Вернувшись в Петербург к началу июля, Репин с азартом набрасывается на живопись. Он снял дачу в Мартышкине, близ Ораниенбаума, где сразу приступил к работе над новой картиной. Темой ее было нежданное возвращение домой политического ссыльного.

Сперва он остановился на следующей концепции: в скромный домик мелкобуржуазной семьи неожиданно возвращается из ссылки курсистка. Первым увидел ее еще издали, с балкона, отец, на цыпочках входящий в комнату, чтобы предупредить домашних и тем избегнуть излишнего шума и огласки. По всему видно, что дело идет не просто о возвращении по амнистии или по истечении срока, — а о побеге{242}. По мере работы Репин отказывается от ввода этой добавочной фигуры «предупреждающего», сохранившейся только в рисунке, сделанном с репинского тестя, Алексея Ивановича Шевцова{243}.

Несмотря на всю выразительность фигуры она была излишней, и Репин сумел дать зрителю почувствовать ситуацию и без ее помощи: в течение какой-нибудь недели он пишет небольшую картину, в которой только четыре фигуры: входящая в комнату курсистка — очень типичная, — и три ее сестры, занятые кто чем. Вся картина написана в Мартышкине, в комнатах репинской дачи{244}.

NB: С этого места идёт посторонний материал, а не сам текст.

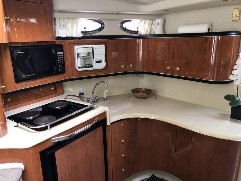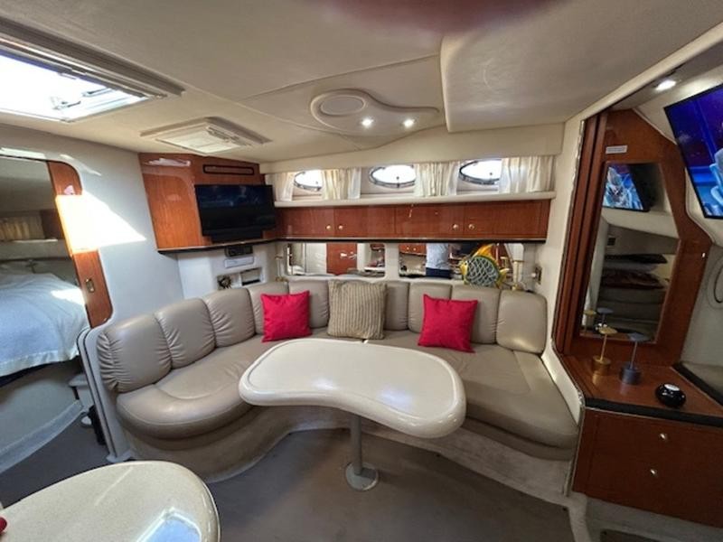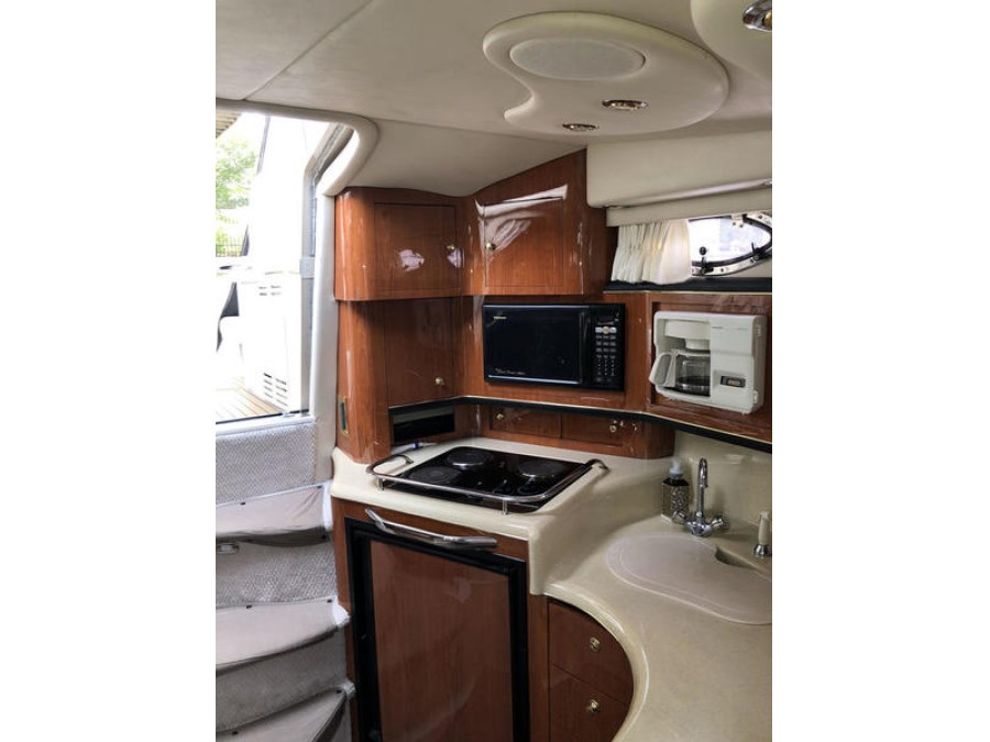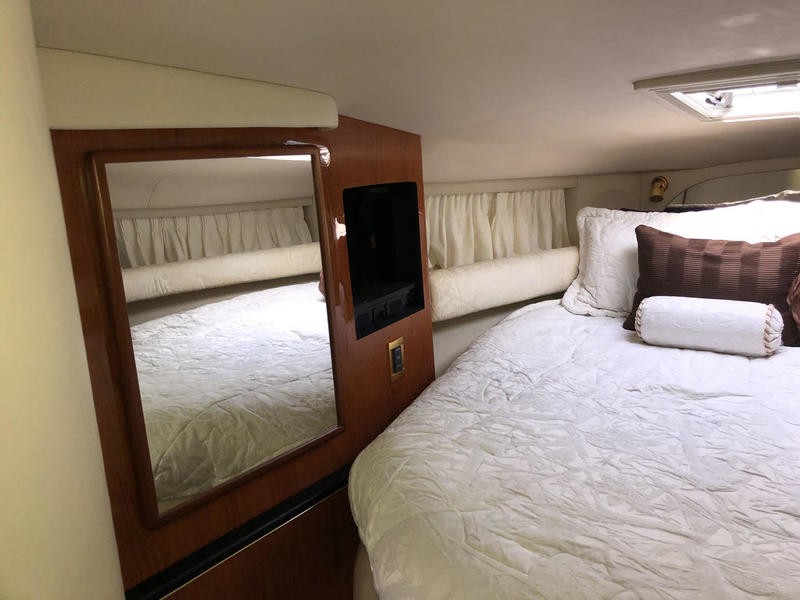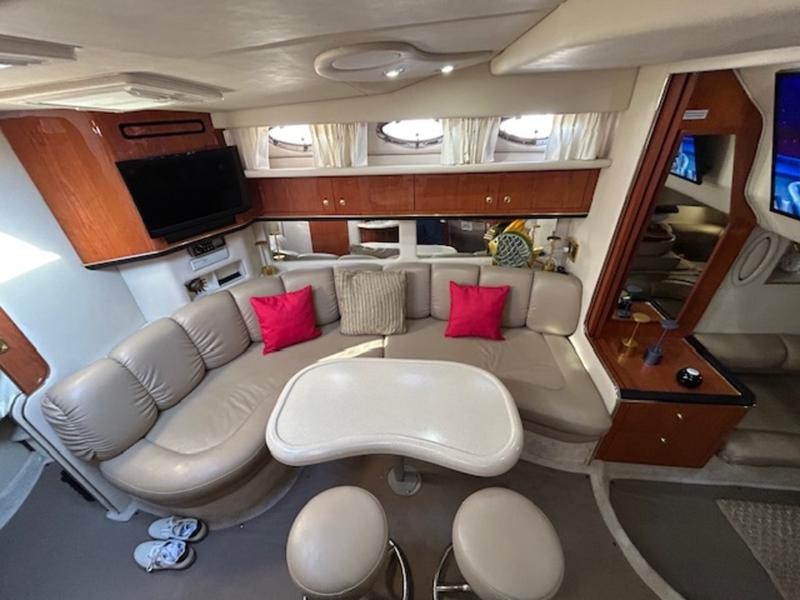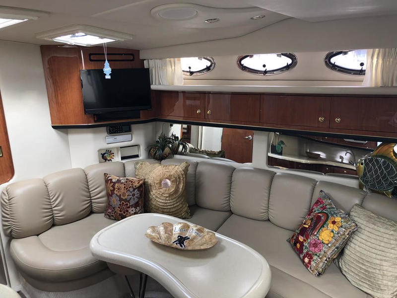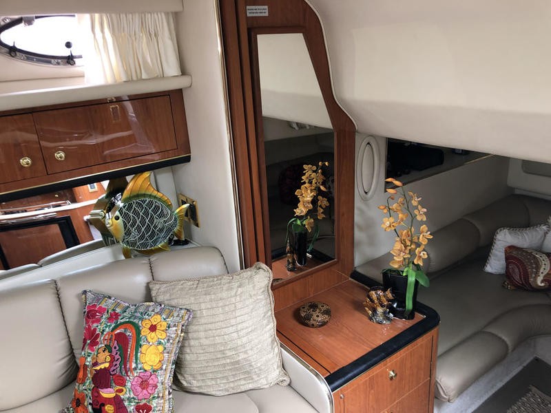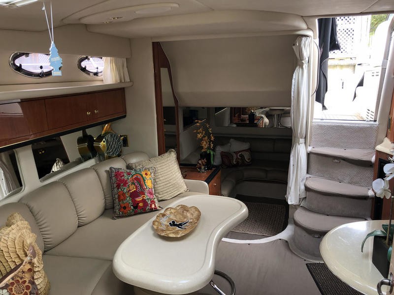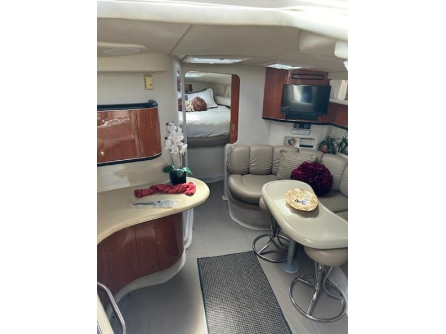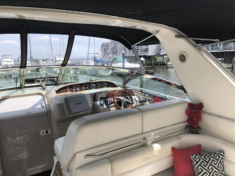 The 1998 Sea Ray Sundancer has been meticulously maintained throughout its life. The low arch was raised in this model year so that owners who are 5’ 8” or taller can comfortably stand at the helm.

Тема эта так захватила Репина, что он не довольствуется небольшим холстом и начинает новую большую картину. После неоднократных переработок первоначальной концепции он заменяет курсистку студентом, пробывшим долго в ссылке и потому чрезвычайно изменившимся — постаревшим, обросшим бородой, осунувшимся. Первой поднимается с кресла, ему навстречу, мать, сначала не признавшая сына, потом поколебавшаяся, но еще не вполне уверенная: в следующее мгновение она его уже узнает. Сразу узнала его жена, сидящая за роялем, а вслед за ней и гимназист, бывший уже достаточно большим, когда отца забрали. Вовсе не узнала его Только младшая дочь, которая и не могла его помнить. Сзади, держась за ручку только что растворенной двери, стоит недоумевающая фигура горничной, за которой виднеется безразличная голова кухарки.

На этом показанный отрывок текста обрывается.